→ PROMPT
Somewhere below is a line with "Slender-billed Gull, Lady's" and, later, a line with "Lady's Mile 3"; repeat those two lines and all the lines between them, exactly as they are.

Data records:
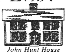
John Hunt House
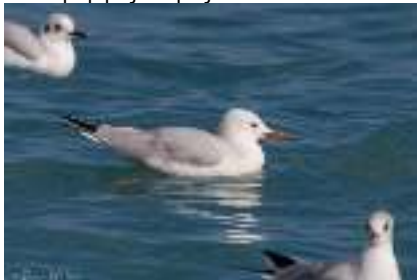
Slender-billed Gull, Lady's Mile, 27 th January.

Lady's Mile 3 4, 10 & 15-Jan TRe Lady's Mile 1 5, 15, 16, 18, 19, 22, 26, 27 & 29-Jan TRe/JN/Est/VE/DJW/JS/IKB/KH Lady's Mile 2 22 & 24-Jan TRe/KH Larnaca Salt Lake 5 14-Jan CR
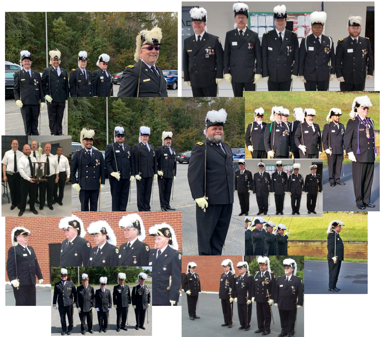
(Photos covering years of camaraderie and fun at Grand Commandery Drill Competitions)

Anytime we perform these drill skills in public we are also, in fact, actively recruiting for our membership. Competitive drill also builds cohesiveness. A team comes together, practices, and then performs as a unit. There are opportunities to meet other Fraters who are doing the same. This is one of the best benefits, drill activities build camaraderie and esprit de corps within the fraternity, thus encouraging membership retention.

→ EXERCISE RESPONSE
Slender-billed Gull, Lady's Mile, 27 th January.

Lady's Mile 3 4, 10 & 15-Jan TRe Lady's Mile 1 5, 15, 16, 18, 19, 22, 26, 27 & 29-Jan TRe/JN/Est/VE/DJW/JS/IKB/KH Lady's Mile 2 22 & 24-Jan TRe/KH Larnaca Salt Lake 5 14-Jan CR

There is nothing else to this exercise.